Reputation: 29123
I have a job that has some failed tasks. I want to try and reproduce on the files the tasks were handling but can't find how to know which files these were.
How can I find what files a task was handling when it failed?
Upvotes: 1
Views: 39
Reputation: 20969
I have no idea if that really works, but you may want to try that out (I was coding with Hadoop 2.2):
job.waitForCompletion(true);
Class<? extends InputFormat<?, ?>> clz = job.getInputFormatClass();
InputFormat<?, ?> inputFormat = ReflectionUtils.newInstance(clz, conf);
List<InputSplit> splits = inputFormat.getSplits(job);
TaskCompletionEvent[] events = job.getTaskCompletionEvents(0);
for (TaskCompletionEvent ev : events) {
if (ev.isMapTask() && ev.getStatus() == Status.FAILED) {
int idWithinJob = ev.idWithinJob();
InputSplit inputSplit = splits.get(idWithinJob);
if (inputSplit instanceof FileSplit) {
FileSplit sp = (FileSplit) inputSplit;
System.out.println(sp.getPath() + " failed!");
}
}
}
The idea is rather simple, you get all task events, take map and failed ones. Then you can obtain an index that is usally assigned to the split internally.

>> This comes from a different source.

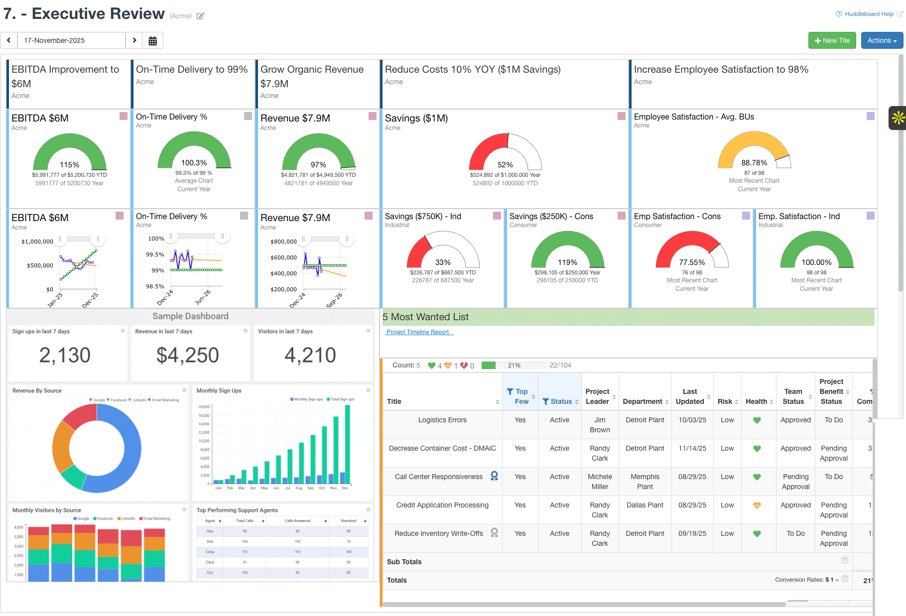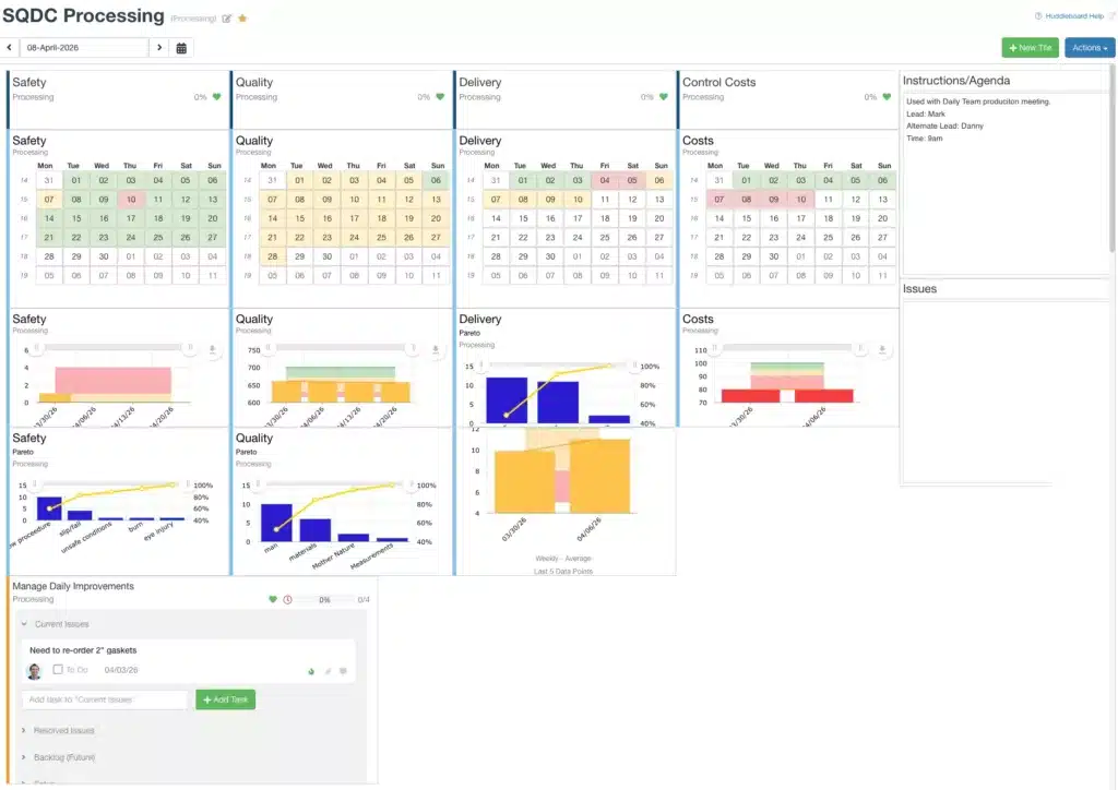 A Huddle Board is a visual management tool used by teams to review performance metrics, track improvements, identify issues, and align daily work with goals. Huddle boards are commonly used in manufacturing, healthcare, operations, Lean, Six Sigma, and Agile teams to improve communication and accountability.
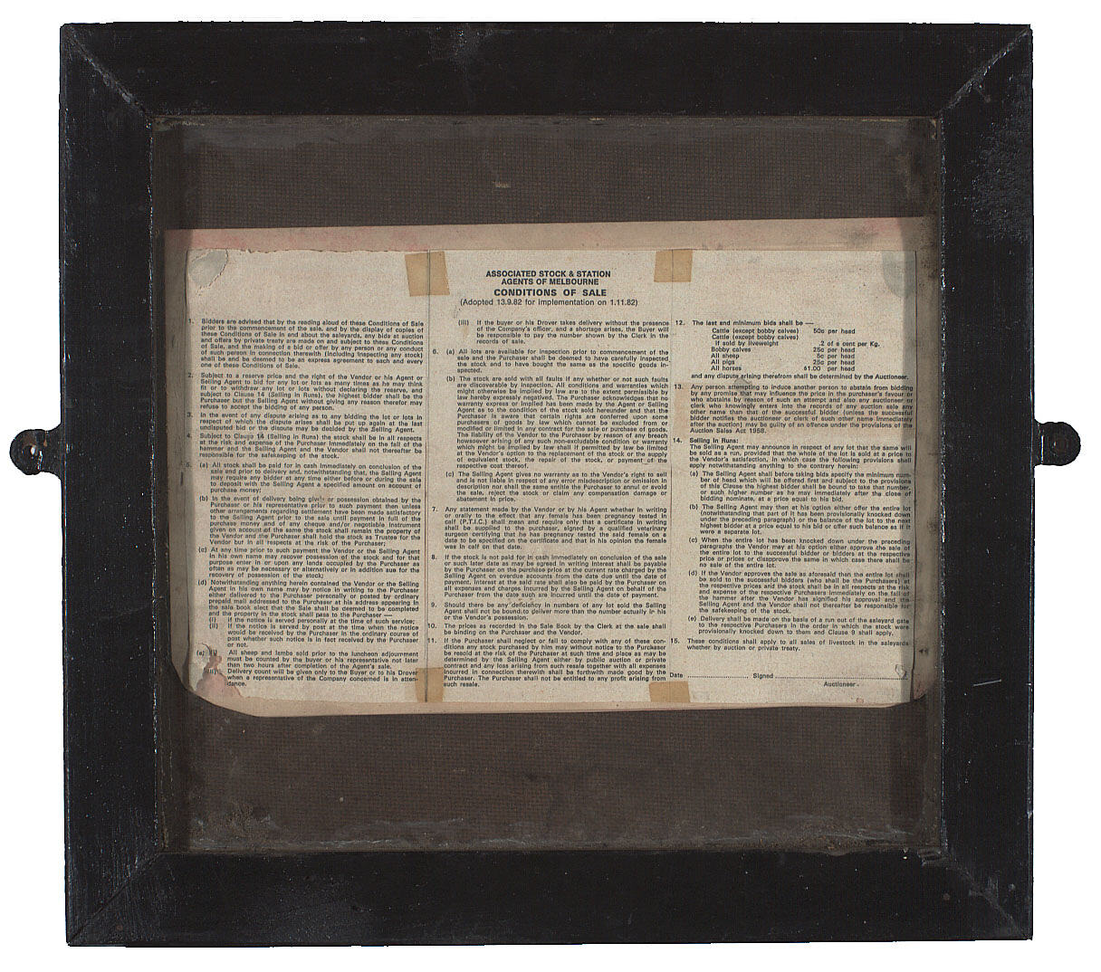 Framed notice - Associated Stock and Station Agents of Melbourne Conditions of Sale for implementation 1st November 1982. Hung outside the Council Administration Office at the Newmarket Saleyards.

The split itself can be obtained by running it over the job data. Please note that the FileSplit
can also be a part of the file (block), so you want to check the internal offset
and length
fields. The type of the split is dependent on the InputFormat
, so there is no guarantee that the returned splits are a FileSplit
.
Upvotes: 1